#### INFORMATION SHOWN

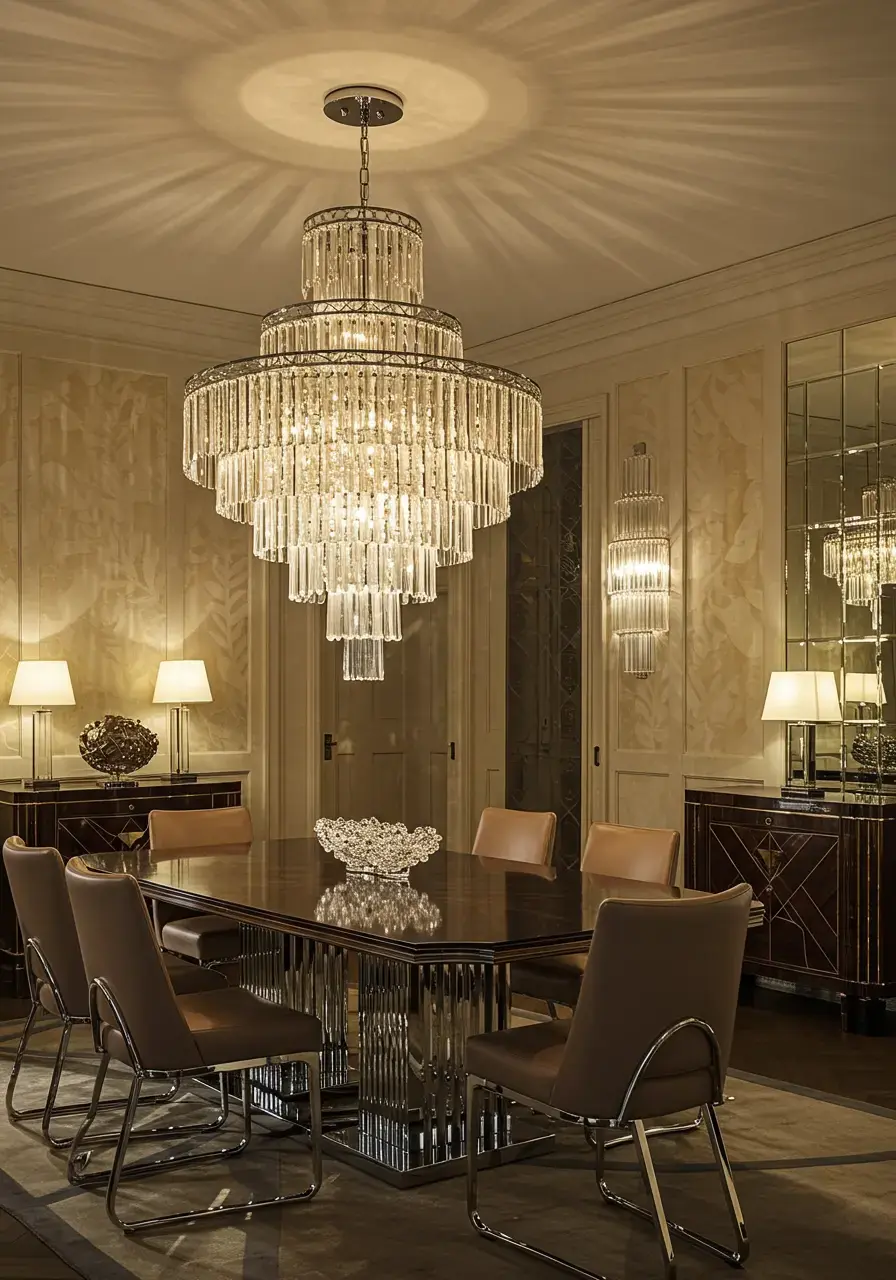 Dramatic lighting serves as a focal point, provides essential ambient and task lighting for dining, and reinforces the luxurious and theatrical nature of Art Deco design through sparkling materials and striking forms.
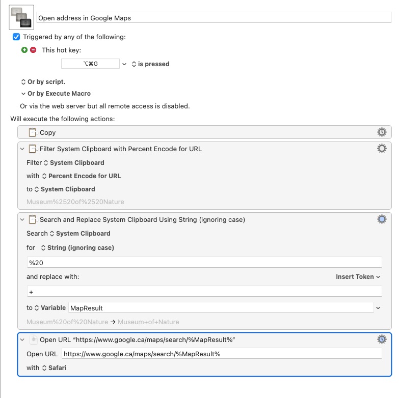 Doing that, it seems to work. This macro assumes you have the address highlighted, then presses Command-C to put it on the clipboard. It then does the above replacements, sets the final URL, and finally opens that URL.
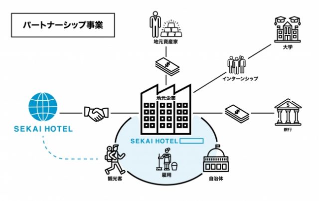 提携先には、SEKAI HOTELのライセンスを貸与し、ノウハウを生かし地域の活性化を推進する。初期段階では同社のスタッフが出向し、海外向けのPRや土産などの商品開発も主体となって行う。

#### ASSIGNMENT
Without the pictures, write out every line above exactly as it appears.

#### TASK RESULT
 Dramatic lighting serves as a focal point, provides essential ambient and task lighting for dining, and reinforces the luxurious and theatrical nature of Art Deco design through sparkling materials and striking forms.
 Doing that, it seems to work. This macro assumes you have the address highlighted, then presses Command-C to put it on the clipboard. It then does the above replacements, sets the final URL, and finally opens that URL.
 提携先には、SEKAI HOTELのライセンスを貸与し、ノウハウを生かし地域の活性化を推進する。初期段階では同社のスタッフが出向し、海外向けのPRや土産などの商品開発も主体となって行う。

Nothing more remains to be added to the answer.